The Sample namespace is rather open-ended. It is probably impossible to anticipate all the kinds of sample-related metadata that may be useful to attach to data. That said, it would be useful to suggest tags for a number of common kinds of extrinsic parameters along the line of Sample.temperature. These may be added as defined fields in future versions of the XDI specification.

  • Sample.pressure
  • Sample.ph
  • Sample.eh
  • Sample.volume
  • Sample.porosity
  • Sample.density
  • Sample.concentration
  • Sample.resistivity
  • Sample.viscosity
  • Sample.electric_field
  • Sample.magnetic_field
  • Sample.magnetic_moment
  • Sample.crystal_structure
  • Sample.opacity
  • Sample.electrochemical_potential

Many of these examples would take a float+units as values.

Defined items in the Scan namespace

  • Namespace: Scan -- Tag: start_time

  • Namespace: Scan -- Tag: end_time

  • Namespace: Scan -- Tag: edge_energy

    • Description: The absorption edge as used in the data acquisition software.
    • Units: eV (recommended), keV, inverse Å
    • Format: float + units

This is the appropriate namespace for any parameters associated with scan parameters, such as integration times, monochromator speed, scan boundaries, or step sizes.

An example of a combined date and time representation is 2007-04-05T14:30:22, which means 22 seconds after 2:30 in the afternoon on the day of April 5th in the year 2007.

Defined items in the Element namespace

  • Namespace: Element -- Tag: symbol

    • Description: The measured absorption edge. This is a required parameter for use with XDI.

    • Units: none

    • Format: one of these 118 1, 2, or 3 character strings for the standard atomic symbols (not case sensitive):

          H  He Li Be B  C  N  O  F  Ne Na Mg Al Si P  S
          Cl Ar K  Ca Sc Ti V  Cr Mn Fe Co Ni Cu Zn Ga Ge
          As Se Br Kr Rb Sr Y  Zr Nb Mo Tc Ru Rh Pd Ag Cd
          In Sn Sb Te I  Xe Cs Ba La Ce Pr Nd Pm Sm Eu Gd
          Tb Dy Ho Er Tm Yb Lu Hf Ta W  Re Os Ir Pt Au Hg
          Tl Pb Bi Po At Rn Fr Ra Ac Th Pa U  Np Pu Am Cm
          Bk Cf Es Fm Md No Lr Rf Db Sg Bh Hs Mt Ds Rg Cn
          Uut Fl Uup Lv Uus Uuo
      

    See Wikipedia's list of element symbols.

  • Namespace: Element -- Tag: edge

    • Description: The measured absorption edge.
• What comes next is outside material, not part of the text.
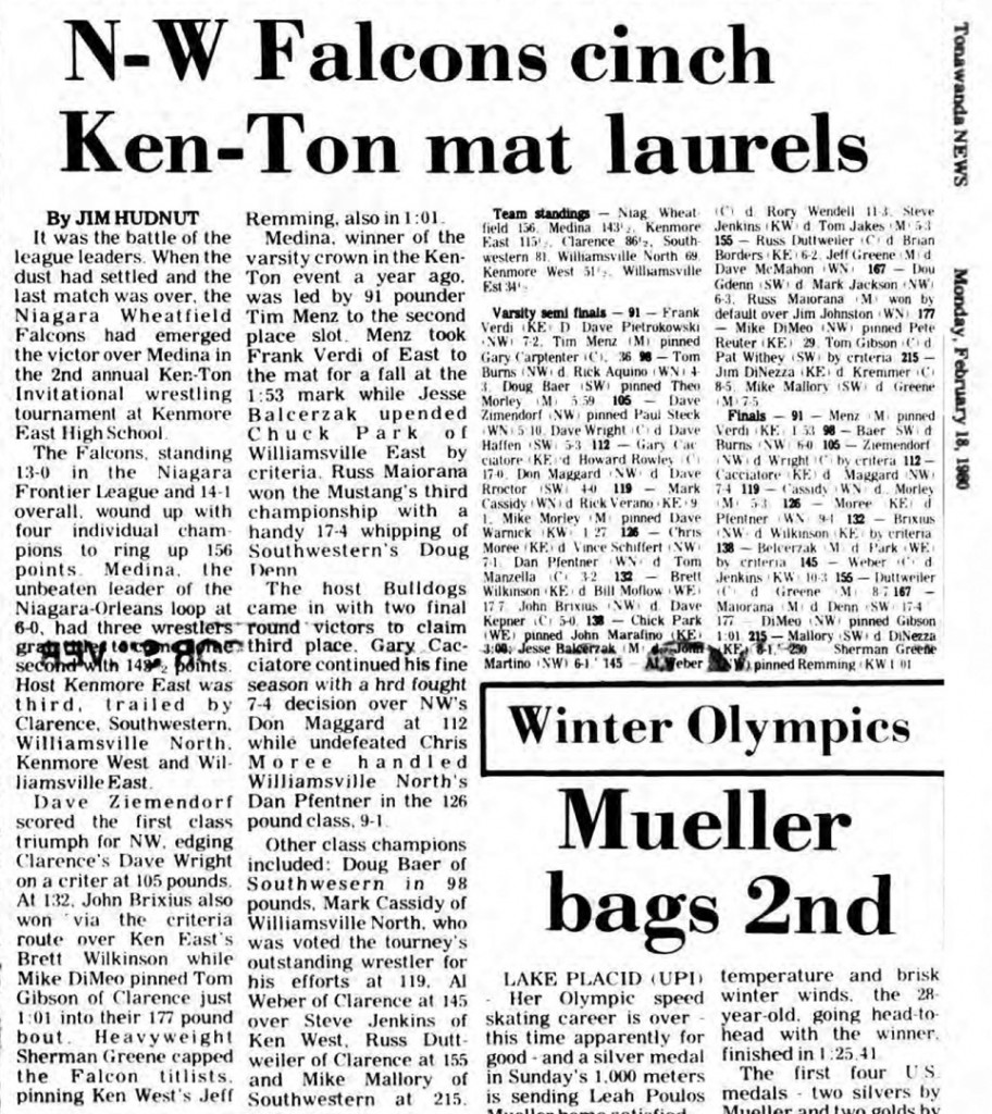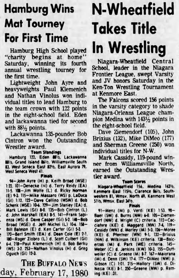155 Rodney Duttweiler (Clarence) > Jeff Greene (Medina) decision 8-7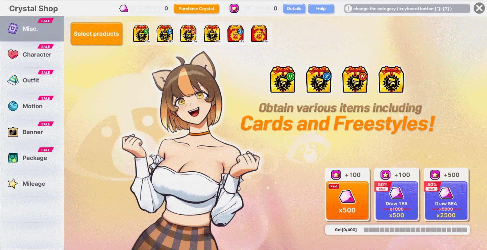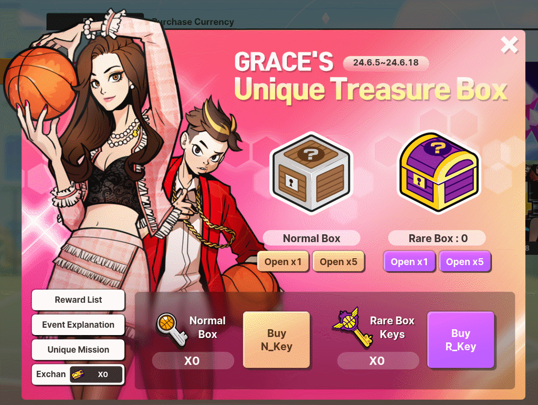 - Normal and Rare Keys can be purchased or obtained as a reward by completing Unique Missions. - Rare Key can only be used if you have a Rare Box available. - Rare Box can be obtained by using Normal Box Keys or completing Unique Missions. - Unique Missions resets every day. (00:00 Server Time) - If you open a certain box, you'll earn Mileage points. (Normal Box: 1 Mileage / Rare Box: 2 Mileage) - Earned Mileage can be exchanged for your desired item at the Exchange Shop.

This is a required parameter for use with XDI.

    • Units: none

    • Format: one of these 28 1 or 2 character strings (not case sensitive):

          K L  L1 L2 L3 M  M1 M2 M3 M4 M5
          N N1 N2 N3 N4 N5 N6 N7 O  O1 O2 O3 O4 O5 O6 O7
      

      See table 10.10 at IUPAC notation for X-ray absorption edges for further explanation. The use of the generic edges L, M, N, and O is not recommended, but may be used for spectra spanning multiple edges.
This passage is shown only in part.